Once you have those 4 pieces of info, you’re good to go.

Authentication

All Azure REST calls require the Authorization header to be set in the HTTP request. To generate the correct token to insert, you simply need to generate an OAuth2 request to the Microsoft login URL.

 urlTemplate := "https://login.microsoftonline.com/%s/oauth2/token"
 bodyTemplate := "grant_type=client_credentials&resource=https://management.core.windows.net/&client_id=%s&client_secret=%s"
 url := fmt.Sprintf(urlTemplate, tenantID)
 body := fmt.Sprintf(bodyTemplate, clientID, clientSecret)
 request, _:= http.NewRequest("POST", url, strings.NewReader(body)

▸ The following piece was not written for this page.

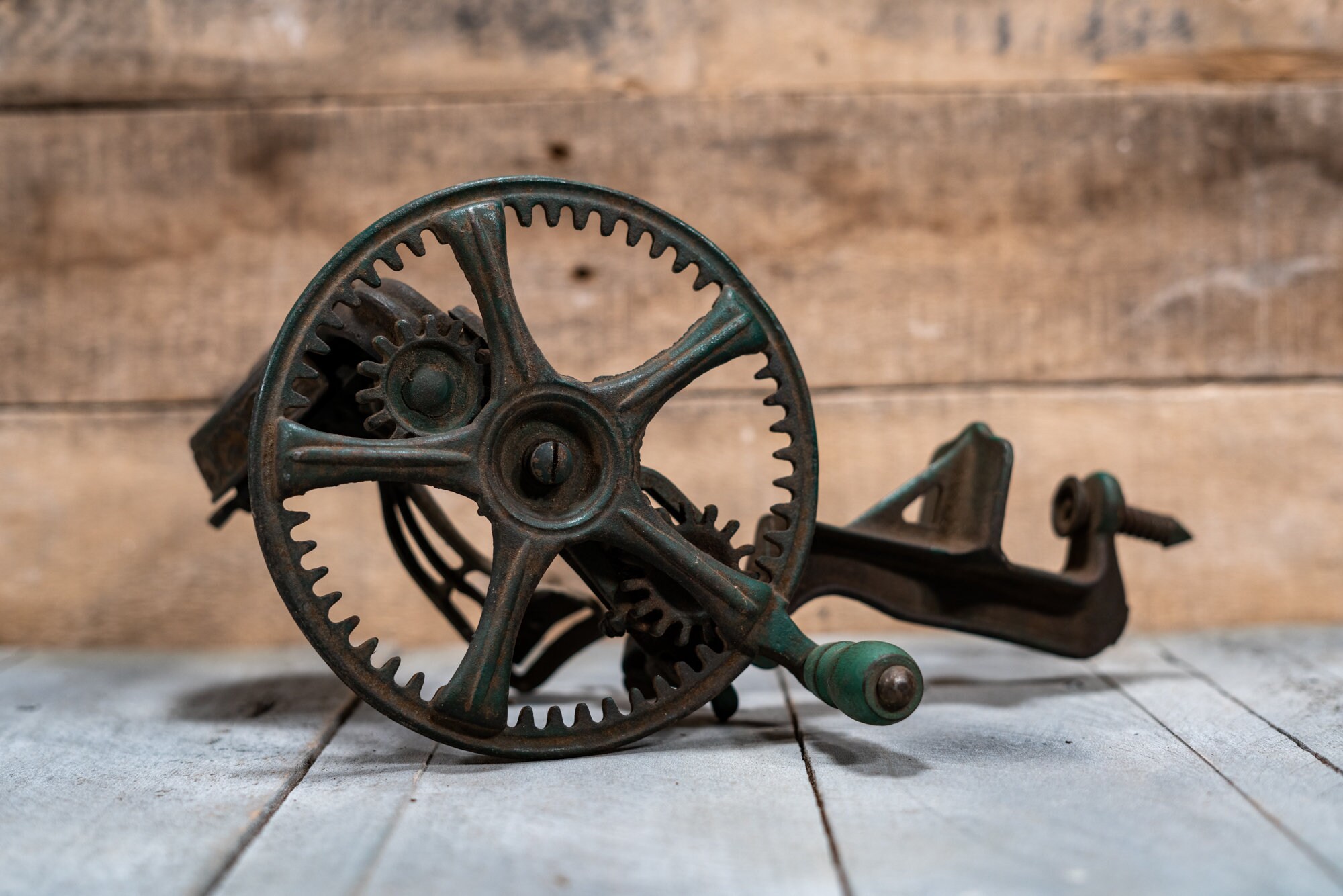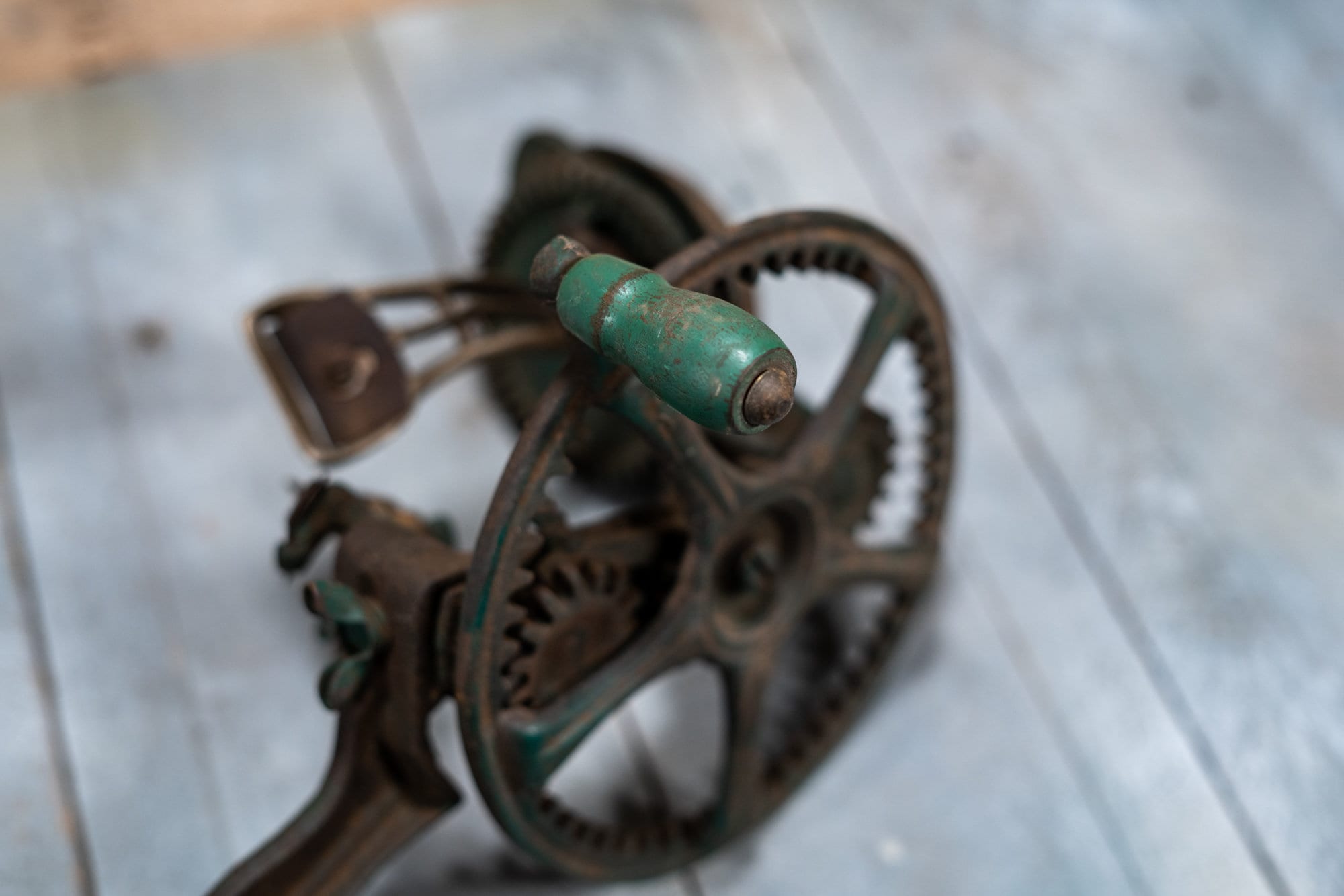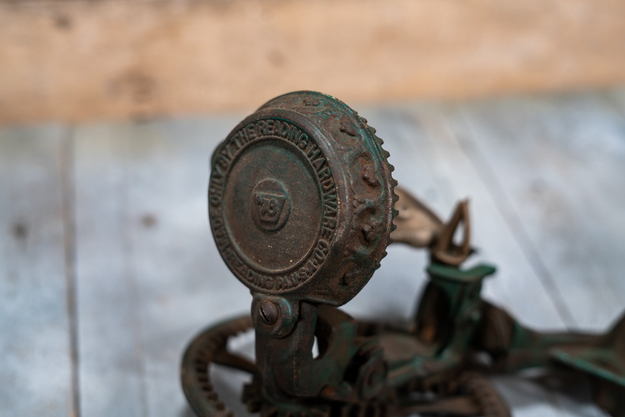 Check out this Cast Iron Apple Peeler made by The Reading Hardware Co. in Reading, PA. The handle still turns and everything seems to move how it should be. This is however not tested and could use a really good cleaning. There is wear but nothing major. It is approx. 11 x 8 x 6 1/2 inches. It has a clamp so that it could be attached to a table top and features a wooden handle. It would make a great display piece. Please check out the photos for a closer look and if you have any questions please let me know.

The above is the basics of generating a token that can then be used for all subsequent calls. The response from the POST will return 2 key pieces of information, one is the actual token string itself and the other is the expiry of the token. This way we can use the same token for a certain duration without having to go through token generation again and again.

Once we have the token, we simply create a header “Authorization : Bearer ”

Before going any further, it would be remiss of me not to mention the UTTERLY BRILLIANT site of https://docs.microsoft.com/en-us/rest/api/appservice/ . This is basically the Azure REST API documentation site, but most importantly it allows you try literally try the API out (using your own acct). Being able to see the HTTP requests (headers, body etc etc) and see the responses come in is invaluable.

For example, for list app settings in an app service:

appsettings1

generates the request

appsettings2

which produces the results

appsettings3

Now, I won’t go through the unmarshalling etc that’s required (but trust me,JSON to Go is your friend) but you get the idea. In this case we have 2 appsettings key/value pairs set, highlighted in red.

So, now we know what the query should look like and the response we should get, let’s code it. Firstly the query.

template := "https://management.azure.com/subscriptions/%s/resourceGroups/%s/providers/Microsoft.Web/sites/%s/config/appsettings/list?api-version=2019-08-01"
url := fmt.Sprintf(template, subscriptionID, resourceGroup, appServerName)
req, _ := http.NewRequest("POST", url, nil)
req.Header.Set("Content-Type", "application/json")
client := http.Client{}
req.Header.Set("Authorization", "Bearer "+accessToken)
resp, _ := client.Do(req)

 

Note, yes I find it a bit weird that to retrieve (ie GET) the app settings we need to do a HTTP POST, go figure :/

Anyways, if we’ve got our subscription, resource groups etc etc then generating the query required is very basic. Once again we’ll just get back the raw JSON and unmarshal back to a suitable struct.

The most important thing I think you need to remember is go to the documentation pageand use the “Try it” button. Seeing the request/responses against your own services makes everything so much easier before you write a single line of code!

 

 

Azure Storage Tools

After quite a number of comments about having some consistent tools to perform basic operations on Azure Storage resources (blobs, queues and tables) I’ve decided to write up a new set of tools called “Azure Storage Tools” (man I’m original with naming, I should be in marketing).

The primary aims of AST are:

  • Cross platform set of tools so there is a consistent tool across a bunch of platforms
  • Be able to do all the common operations for blobs/queues/tables.
    • eg. for blobs we should be able to create container, upload/download blobs, list blobs etc.  You get the idea.
  • Be completely easy to use, I want to be able to provide a simple tool with a simple set of parameters that commands should be fairly “guessable”

Instead of a single tool that provides blobs, queues and tables in one binary, I’ve decided to split this into 3, one for each type of resource. First cab off the rank is for blobs!  The tool/binary name is astblob (again, marketing GENIUS at work!!).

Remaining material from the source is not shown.